# Lack of Pan Cars?????



## Tehachapi Flash (Mar 30, 2006)

What am I missing? I've been looking for either a New, or used Link type Pan Car, or even a T plate car for several days now, and have found few to none "in stock, New", and very little used???? Thanks for your help. Ron


----------



## ta_man (Apr 10, 2005)

Tehachapi Flash said:


> What am I missing? I've been looking for either a New, or used Link type Pan Car, or even a T plate car for several days now, and have found few to none "in stock, New", and very little used???? Thanks for your help.
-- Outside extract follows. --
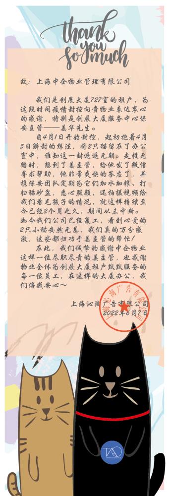 疫情封控2個月后,創(chuàng)展大廈全面重啟,恢復(fù)了往日白領(lǐng)們進進出出,熙熙攘攘。6月7日,一封粉色,印有貓咪的電子信函“滴滴”發(fā)送到了物業(yè)服務(wù)中心的郵箱——來自大廈727室客戶的這封表揚信中,字里行間都充滿了對保安主管姜華的感謝!
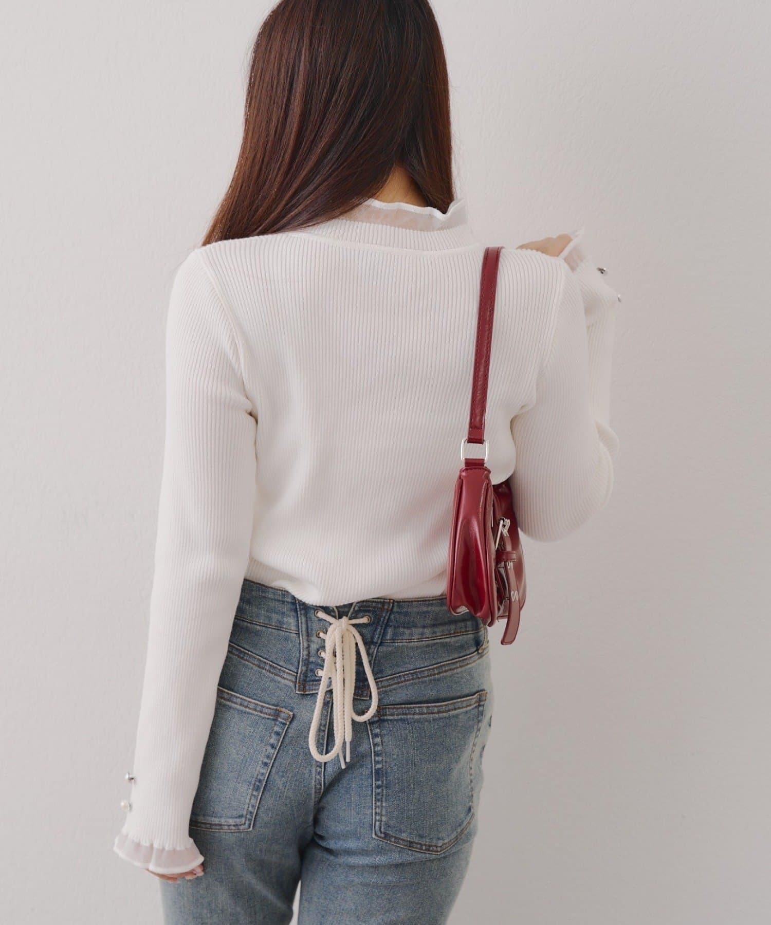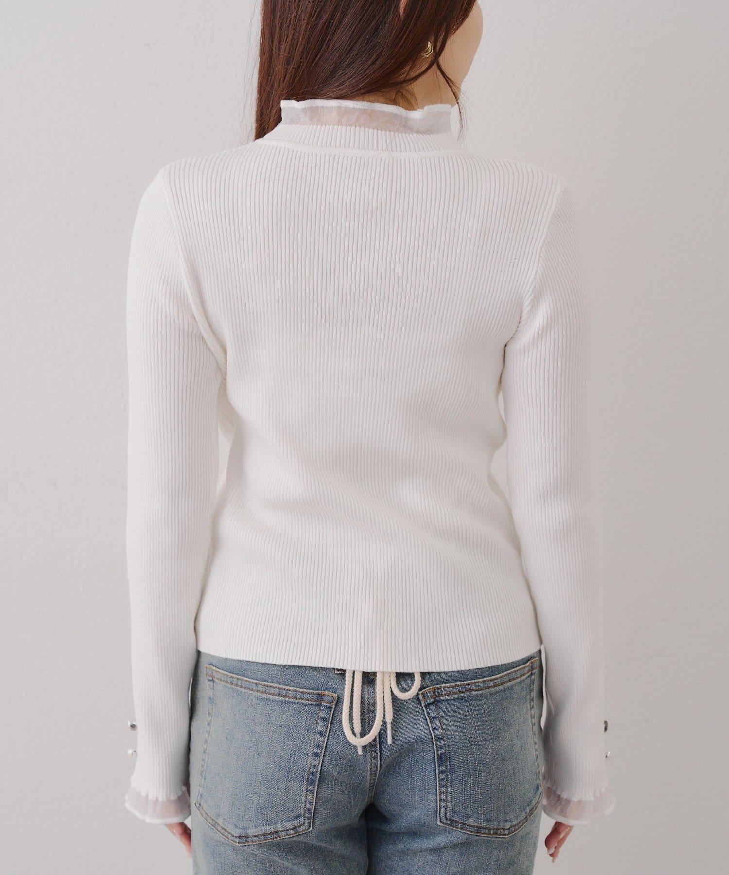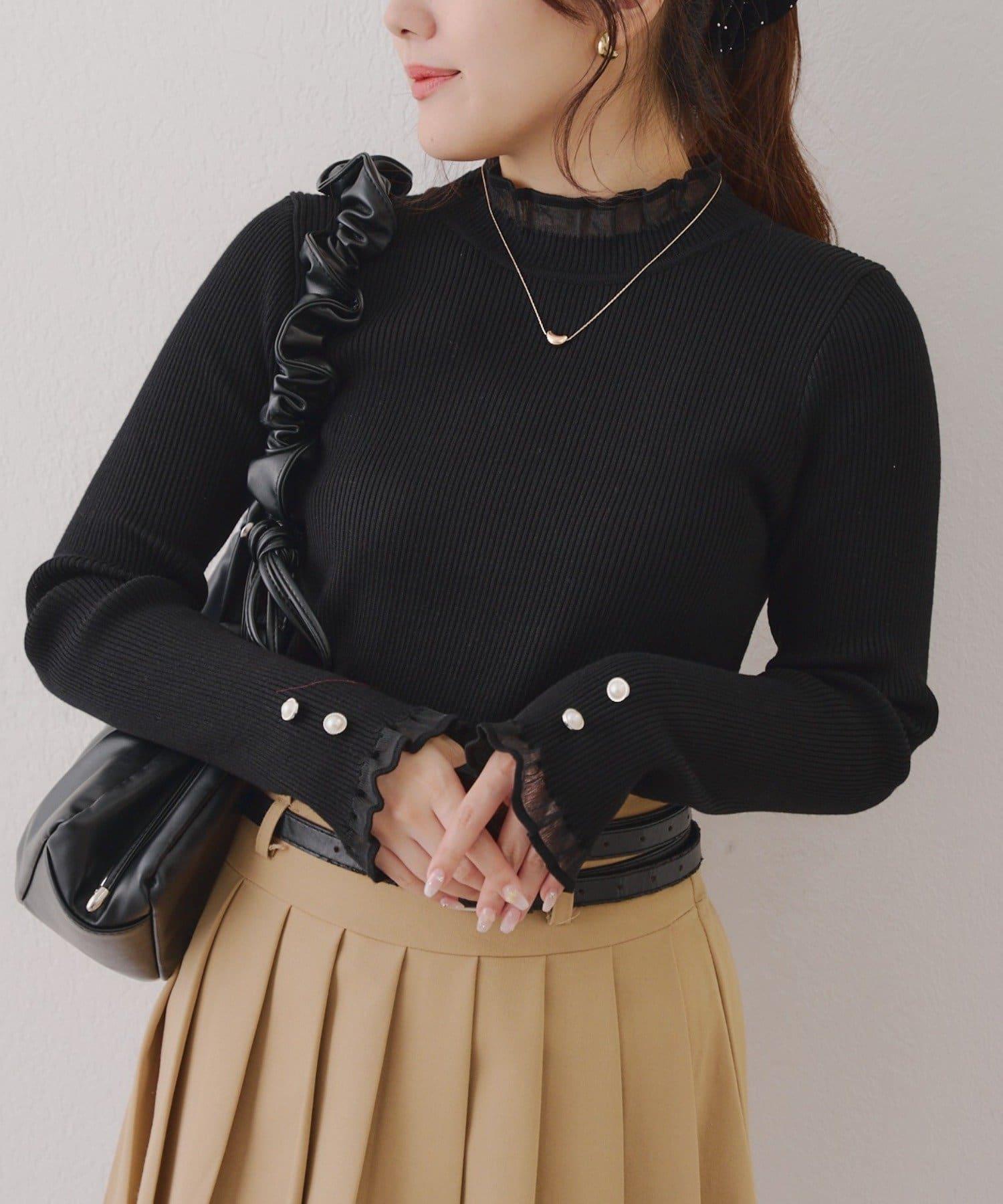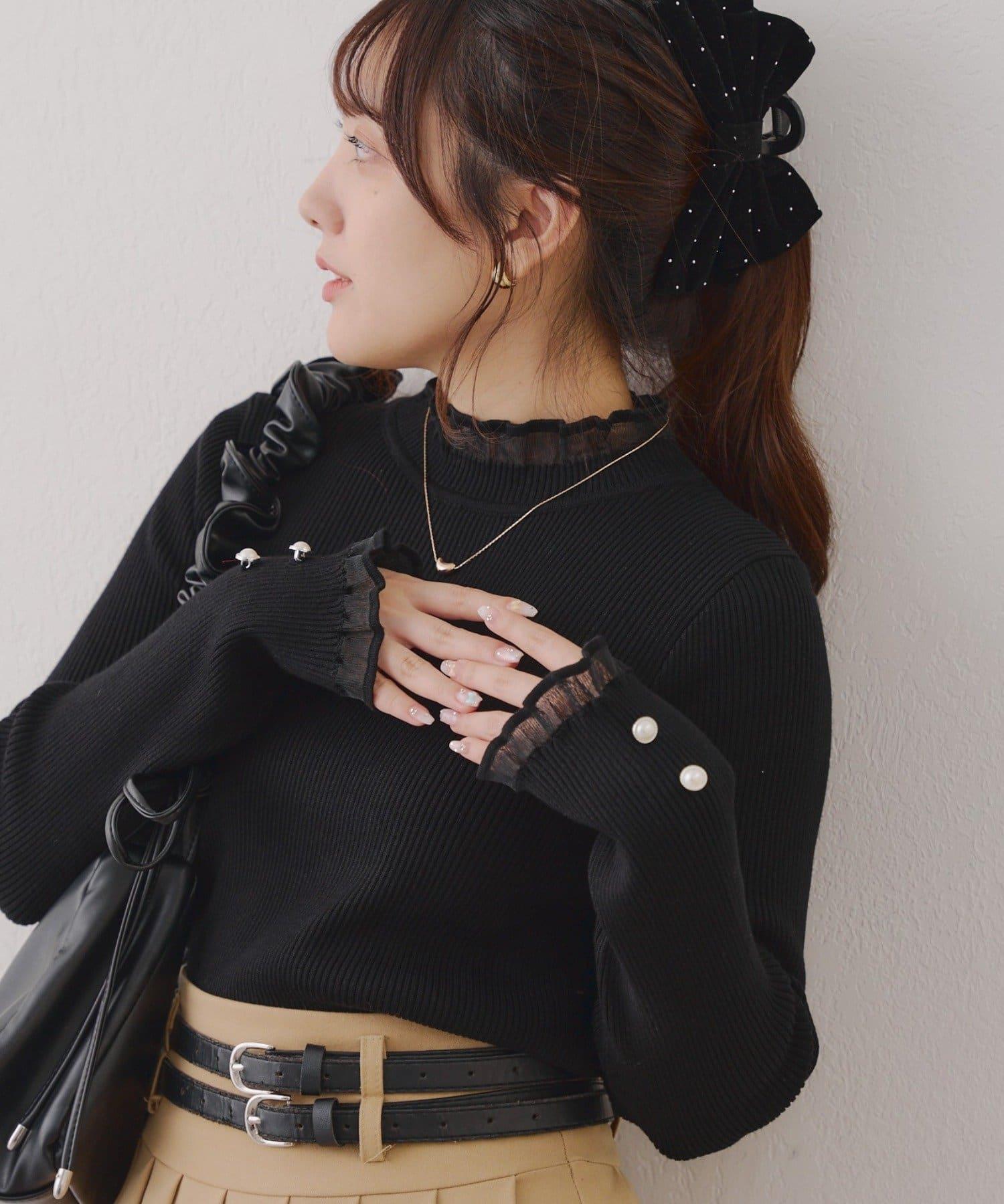 這款針織衫的袖口呈喇叭狀,並配有珠光鈕釦。

Ron


Well, just looked at your post titled "*Wanted-1/0th, link pan car*":



Tehachapi Flash said:


> Prefer STRYKER 2K11, or KSG SCX, or CRC.


Nothing there about T-Plate cars at all. Just because no one has the 3 models you ask for doesn't mean others aren't available. Based on that post I can see why you might not have received many offers.


----------



## Tehachapi Flash (Mar 30, 2006)

Thank you TA man,
Yeah, I didn't word either one of those posts very well. (I'm old, give me a break) On this post I was meaning to question why there are not many "New Link" cars available from the manufacters of the kits. They are all "out of stock"? The second thing was the lack of available "used T plate" cars. It seems to be cheaper to buy an older car, then change over to the new chassis. Thanks for calling me on that. I'll try to think things out better before I post. Ron


----------



## djcyder (Jun 23, 2010)

Tehachapi Flash said:


> Thank you TA man,
> seems to be cheaper to buy an older car, then change over to the new chassis. Thanks for calling me on that.



Yes it is, also in many sportsman classes you don't need the latest and greatest anyway. I always see used pan cars in the forsale section in fact I just picked up one last week. A lot of the older cars still have a lot of life in them.


----------